Chickenhawk (chicken hawk or chicken-hawk) is a political term used in the United States to describe a person who is a war hawk yet actively avoids or avoided military service when of age. In political usage, chickenhawk is a compound of chicken (meaning 'coward') and hawk from war hawk (meaning 'someone who advocates war'). Generally, the implication is that chickenhawks lack the moral character to participate in war themselves, preferring to ask others to support, fight, and perhaps die in an armed conflict.

History
The term war hawk developed early in American history as a term for one who advocates war. On one episode of the American television show Rowan & Martin's Laugh-In that aired in 1970, Dan Rowan made the following joke:

Previously, the term war wimp was sometimes used, coined during the Vietnam War by Congressman Andrew Jacobs, a Marine veteran of the Korean War, to describe "someone who promotes waging war or building up the tools of war but hid behind a college deferment or suddenly came up lame when the draft board whistled."

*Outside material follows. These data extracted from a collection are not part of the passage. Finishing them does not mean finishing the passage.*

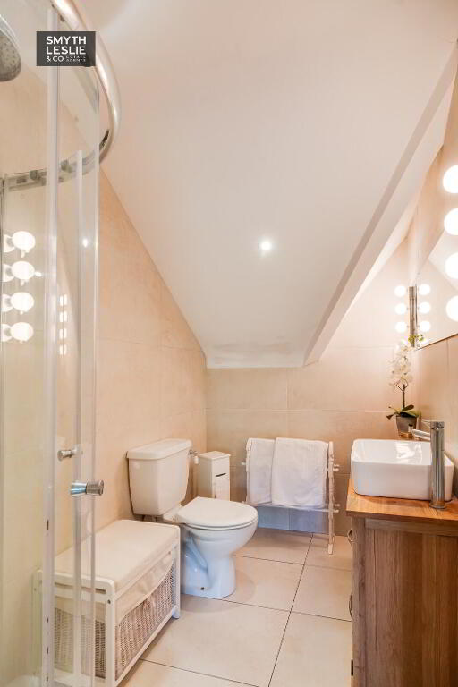 White suite, corner shower cubicle, thermostatically controlled shower, traditional style vanity unit, heated towel rail, fully tiled, recessed lighting.
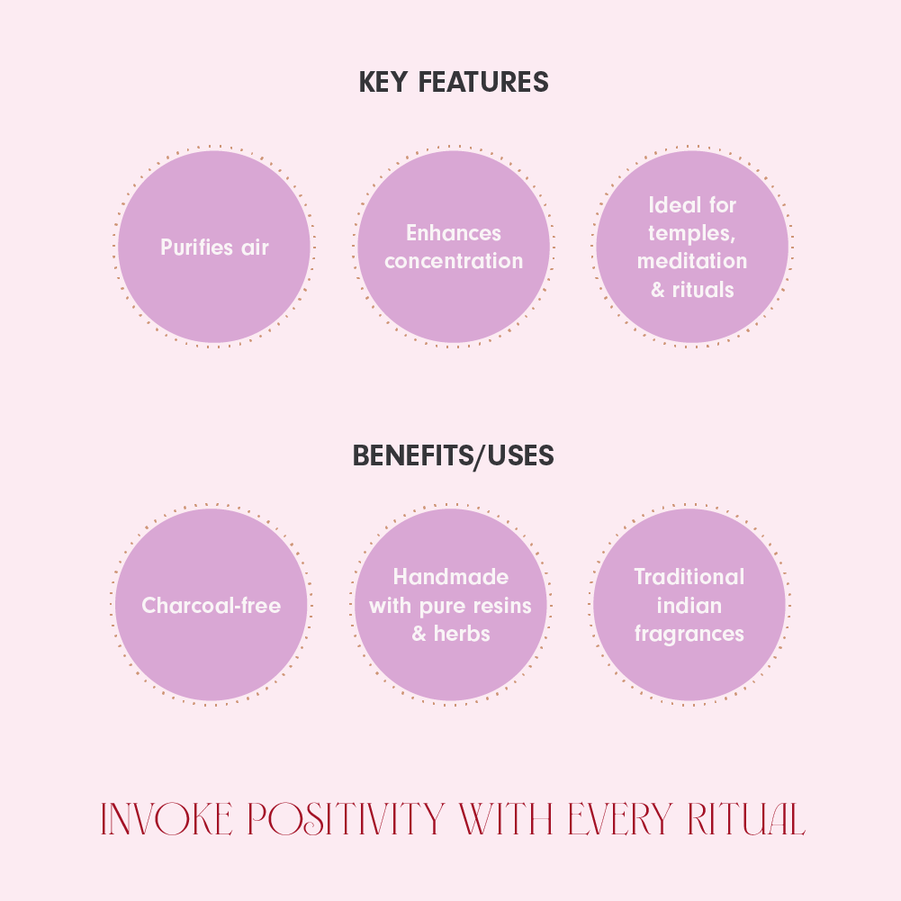 Place Dhoop stick in a sturdy incense holder or holder designed for Dhoop. Ensure the Dhoop stick is secure and standing upright. Keep it away from flammable objects and surfaces. Always supervise the burning Dhoop stick. Keep out of reach of children and pets. Maintain good ventilation in the room.
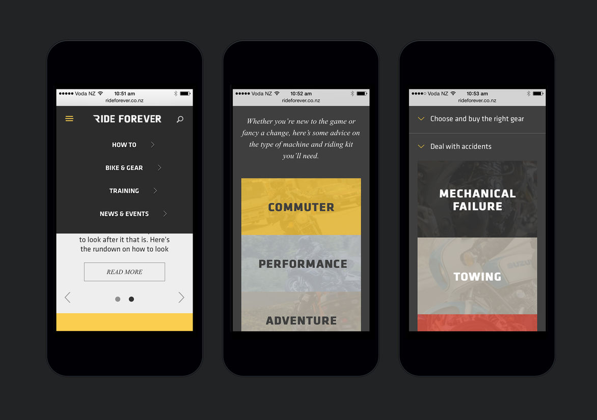 Digital Digital Campaigns Digital Products E-Commerce Websites (new 2024) Game Design Installation & Exhibition Large Scale Websites Small Scale Websites Student Digital User Experience (archived 2022) Animation Digital — formerly Interactive (2010–2019) Film Graphic Moving Image (archived 2025) Product Social Good Award Spatial Toitanga Value of Design Award User Experience Award (archived 2019) All categories Digital Campaigns Digital Products E-Commerce Websites (new 2024) Game Design Installation & Exhibition Large Scale Websites Small Scale Websites Student Digital User Experience (archived 2022) All years 2025 2024 2023 2022 2021 2020 2019 2018 2017 2016 2015 2014 2013 2012 2011 2010 Studio A-Z DNA 79 rideforever.co.nz Finalist 2014 Large Scale Websites Credits Ringatoi Matua / Design Director Stacey Orr Ngā Kaimahi / Team Members Kristin Jarvis, Zakary Kinnaird, Chiara Monteleone, Idris Corap Client ACC

The 1983 bestselling book Chickenhawk was a memoir by Robert Mason about his service in the Vietnam War, in which he was a helicopter pilot. Mason used the word as a compound oxymoron to describe both his fear of combat ("chicken") and his attraction to it ("hawk").

Commentary
James Fallows identifies the rise of chickenhawks with the distancing of the American public from the military. He says that while most Americans had experience with the military by the end of World War II, having either served or known people who had, "now the American military is exotic territory to most of the American public." He cites examples of popular media such as Apocalypse Now and The Hurt Locker as many Americans' exposure to the military.

Critics of the term chickenhawk argue that the term is used as a form of whataboutism in place of arguments against military action. Matthew Yglesias describes it as "a species of hypocrisy charge, a tempting rhetorical ploy that in practice proves almost nothing."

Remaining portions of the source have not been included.